Understanding one’s adversary requires understanding the adversary’s situation and the adversary’s narratives. To understand does not mean to justify. Nothing in the Russians’ situation requires them to support a criminal war against a neighbouring country. To understand means to see commonalities and differences between our situations and our narratives — and those of the Russians. The Russians are not invaders from Mars. Their brutality and apathy are part and parcel of a time-tested European tradition. Which one of us, exposed to the same circumstances and the same narratives will react differently from how the Russians react? Some will. And many Russians do, too. Hundreds of thousands have already fled the country. Some 20,000 have been arrested for protesting.

But the silent majority just drifts along. They are too human to care.

There is, finally, one factor that is both situational and discursive: war, though distant, has become the new normal. Many Russians who, finding their country at war with Ukraine, at first experienced shock and incomprehension, have gradually become accustomed to the idea of the inevitability of war. What seemed impossible to contemplate has become all too real. Russia, like George Orwell’s Oceania, is at war because it has always been at war, and it will always be at war.

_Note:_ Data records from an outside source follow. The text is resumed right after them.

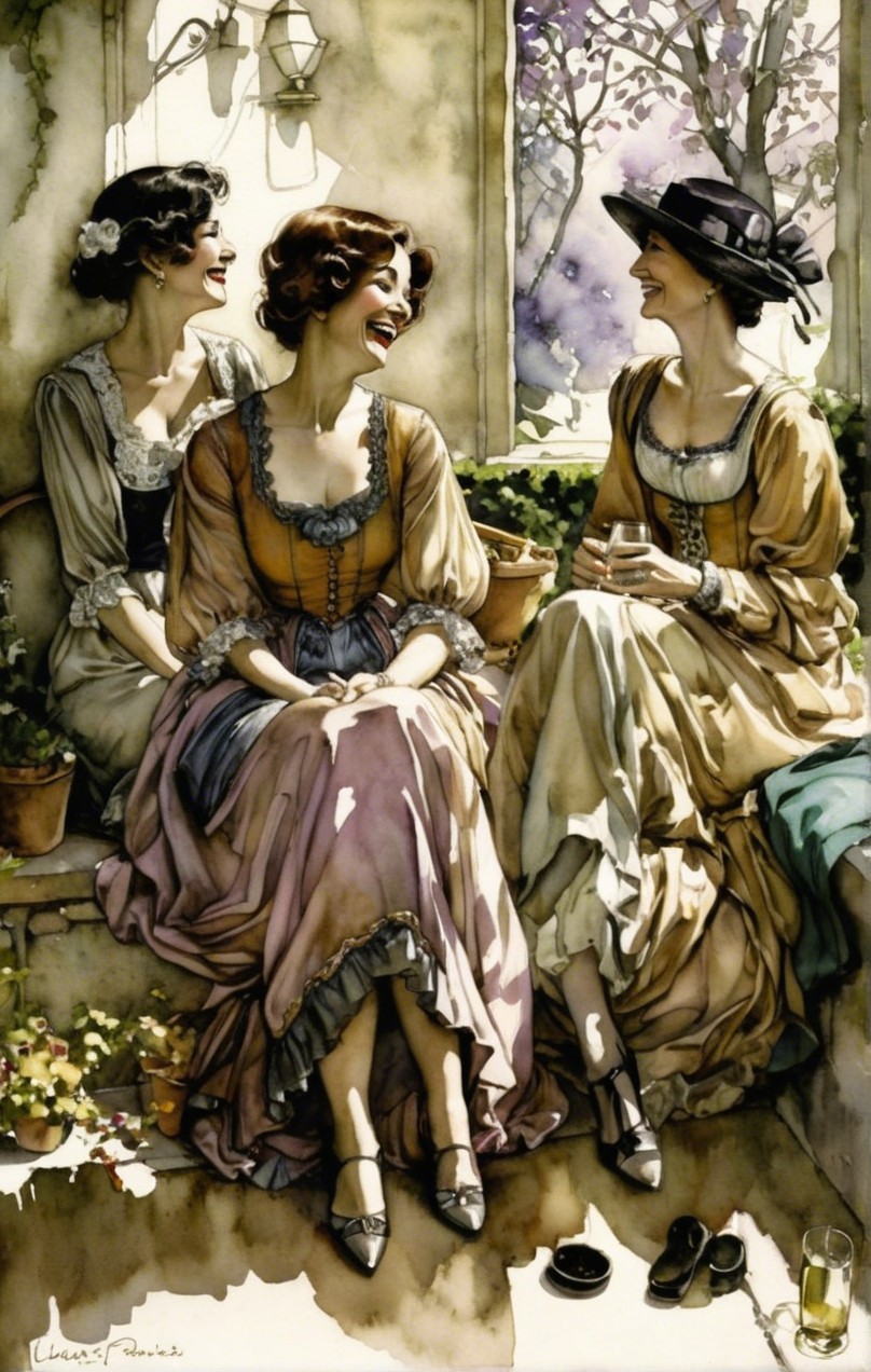Three elegantly dressed women in vintage attire share laughter and drinks in a sunlit garden, surrounded by greenery, embodying joy and camaraderie in a charming outdoor setting.
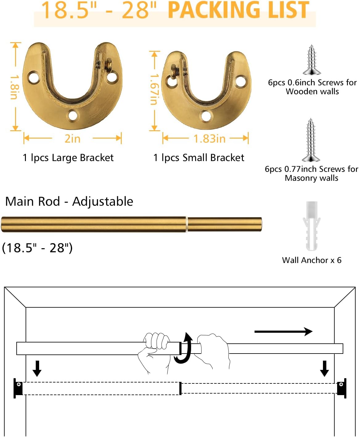 FIRJOY Closet Rods for Hanging Clothes – Heavy Duty, Length Adjustable (#2 Gold, 18.5″ – 28″)
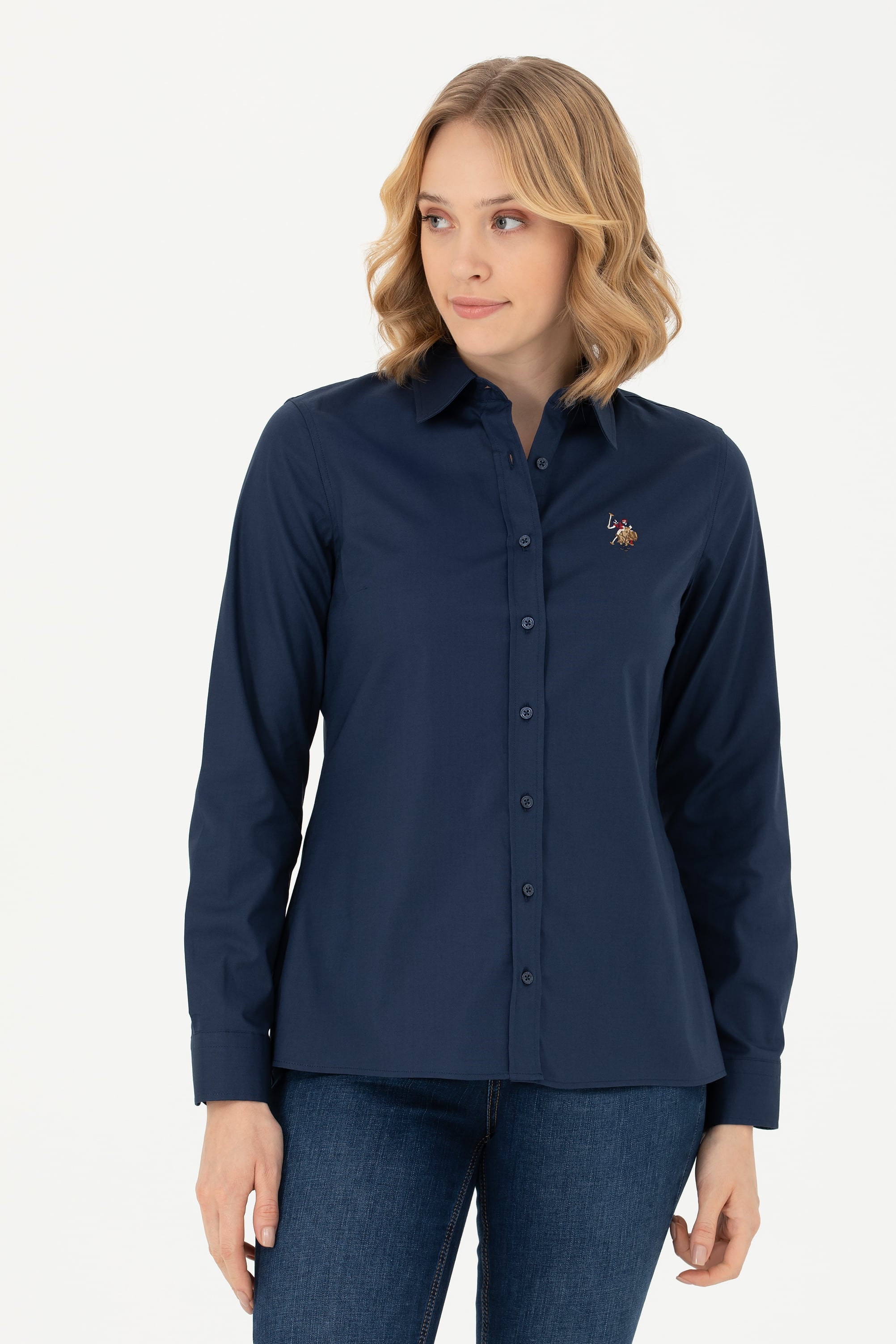 Kadın Lacivert Uzun Kollu Basic Gömlek
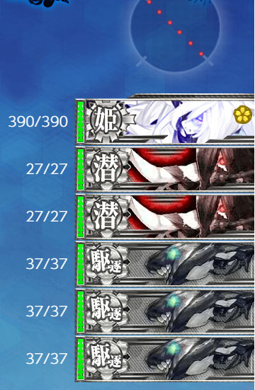 | 甲作戦 | 松型駆逐艦「桃」、水雷戦隊 熟練見張員★+4、給糧艦「間宮」x2、給糧艦「伊良湖」x2、潜水艦補給物資x8、特注家具職人 |
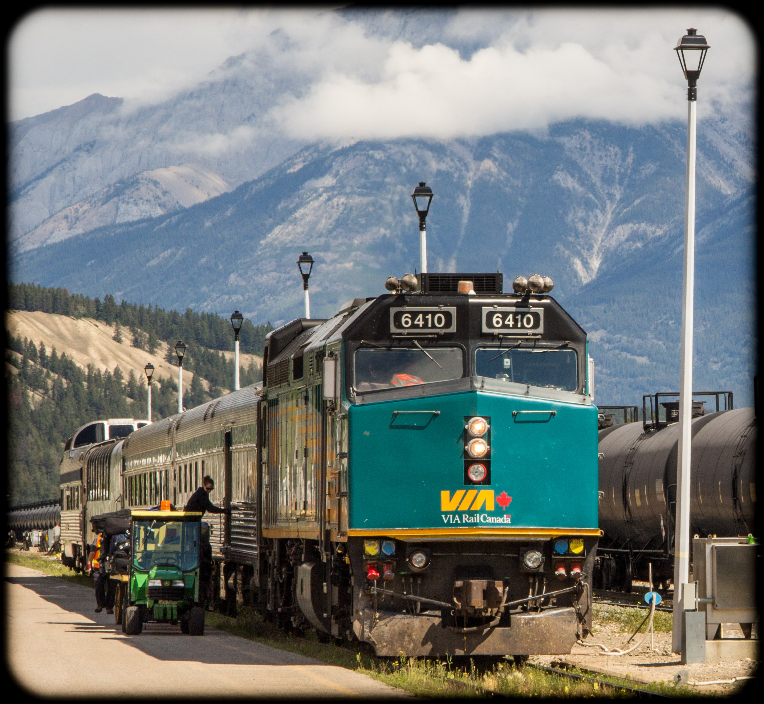 Jasper is served by the Canadian National Railway.  Trains run from Edmonton AB to Prince Rupert BC.  We tried to ride a special tourist train through the Rockies but they were sold out everyday we were there.  When we saw the train we weren’t surprised since they only had 2 or 3 passenger cars.  The Via Rail CN passenger train “The Canadian” had 16 or more cars and was well supported.

There is nothing that can be done about it because war has become a state of mind.

Putin discovered a terrible truth about Russia: give people enough to eat; give them something to believe in; most importantly give them someone to hate; and they will flock to your banners. He calculated that it is not freedom that they long for – just daily comforts and a sense of belonging.

At the turn of the 1880s, the great Russian writer Fyodor Dostoevsky wrote of a human tendency to give up their freedom in exchange for bread — but not just bread. Freedom, he explained in the monologue of the Great Inquisitor in Brothers Karamazov, was a burden to people. Give them an opportunity, the Great Inquisitor opined, and they will trade away their freedom for a place in the herd: ‘I tell you that man has no more tormenting care than to find someone to whom he can hand over as quickly as possible that gift of freedom with which the miserable creature is born … even when all the gods have disappeared from the earth they will still fall down before idols.’

And so they have. It is a tragedy for Russia. It is sheer horror for Ukraine. And it is a potent warning to all of us.